|
bookmarks:
|
| main | ongoing | archive | private |
dancing on a wire is a song by keygrip, featured at the end of supernatural's seventh episode "hook man" when watching the series on streaming services.
outside of a few moments i find enjoyable, in most ways hook man is a largely unremarkable episode to me. it was today that i reached it when i was going through the first batch of episodes i'd already seen again, i almost decided to skip the episode entirely before i felt compelled to give it a go anyway. i'm glad that i do so, even if i still do feel as though the episode is largely only okay and little else.
the song is featured at the end of the episode, right as the episode is coming to a close. dean turns to his brother sam and suggests that they cold stay, only for sam to silently shake his head, thus dean drives off as the song plays.
this particular moment and the song itself brought to mind something that's been looming over me for nearly a decade now. this was something i was thinking about not that long ago, either, around christmas last year to early january of 2026. it's the kind of thing i could dispel at any moment, and yet haven't even as the supposed end i established for it myself grows closer. i am now closer to it's end than i am closer to the moment i had that choice. it's almost bizarre, reflecting on all these thoughts and ideas i can still remember so vividly in some respects even if other things from the time are nothing but a blur. i have so many moments like this, overall.

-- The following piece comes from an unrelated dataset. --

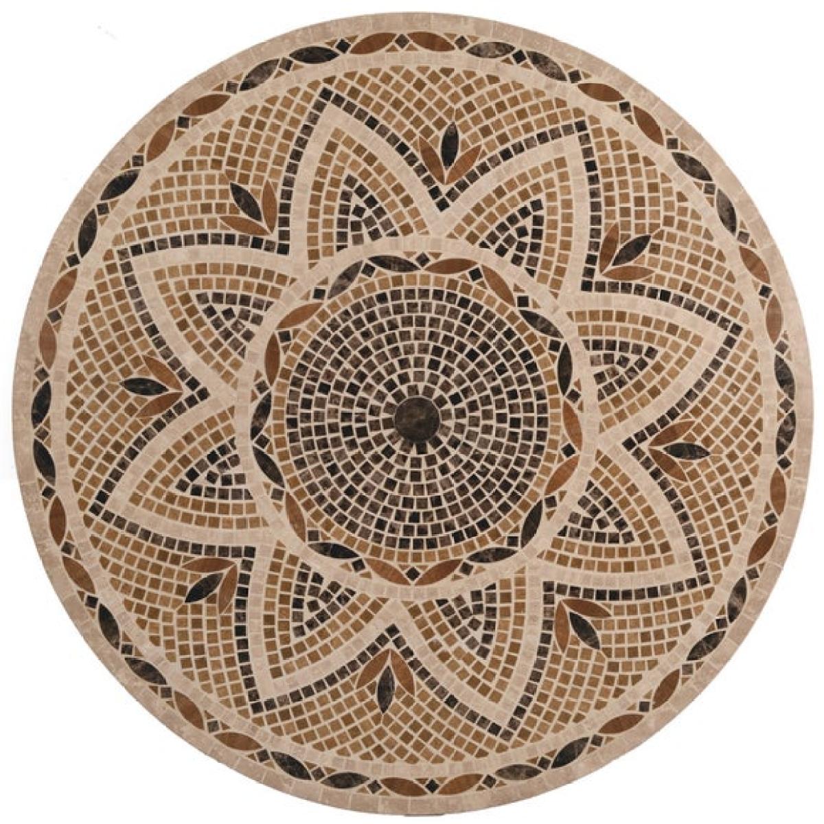 * 110cm diameter * Central parasol hole * Intricate Travertine marble top * Sturdy steel frame The Byron Manor Madison Round Dining Table offers a striking mosaic top made from travertine marble in rich browns and natural shades. Its black pedestal base includes a handy central parasol hole, ideal for sunny lunches or shaded evening meals. With a generous 1.1m diameter, it seats four comfortably without feeling crowded. Steel legs with adjustable feet keep things stable, even on uneven ground. Designed for both beauty and practicality, it suits patios and dining rooms alike. A statement piece that’s ready for any occasion.

i still remember how terrified i was to become an adult when i was 14 and going to be turning 15. i was absolutely terrified, knowing then i was closer to adulthood than childhood. i honestly can't even tell myself i was wrong to feel that way. the way it manifested was a bit extreme and my perspective on it was deeply unhealthy in a way i hope i've moved on from since, but i can't blame the kid that i was for being that way at the time. i truly didn't know better at all, i had no idea the path my life would go down or how i would turn out in the end. despite how often i'm able to accurately draw conclusions i won't realize the weight of for years to come, i genuinely seem to lack any real foresight. i feel like i'm not keeping up as life continues to go on and on.
i've felt this way before, this specific sensation in my head and in my chest. the sensation of being at some kind of turning point, i know it well. i can still picture the way things were one of those moments i felt this way before, as i was caught up in some dumb already forgotten conflict online involving a bunch of people i only half remember. i'm not even sure which year that all took place, the details are that fuzzy in my mind. i could try to figure it out, but it's not worth it to dig it all back up. it's better off forgotten.
there are so many things i remember down this path. it's funny how things can happen like this. my thoughts are a complicated web that i spin on and on every day i'm alive, everything grows progressively more interwoven until i can't make heads or tails of the conclusions i've drawn later on. there are too many things for me to even reasonably try to touch on here.
it's almost funny, feeling this touched by a song that was only even placed where it was due to licensing issues induced by all these big copyright issues i won't even pretend to fully understand. that song wasn't even there when the episode originally aired on television, and it might not be there in another 20 years if the license on the keygrip's song ends up expiring and they decide to just replace the track again. i honestly find the impermanence of that almost rotten to it's core, though i guess it speaks to the impermanence of everything as it is in general in some bizarre, grander way. it's almost something you could pass off as poetic or something.
this moment as it exists will one day be nothing more than a memory and one day, sooner or later, even that will be something that fades away completely. yet, even still, it remains everything to me.
i hope even in the far distant future i couldn't possibly imagine, someone is moved by supernatural in the same way i was right now.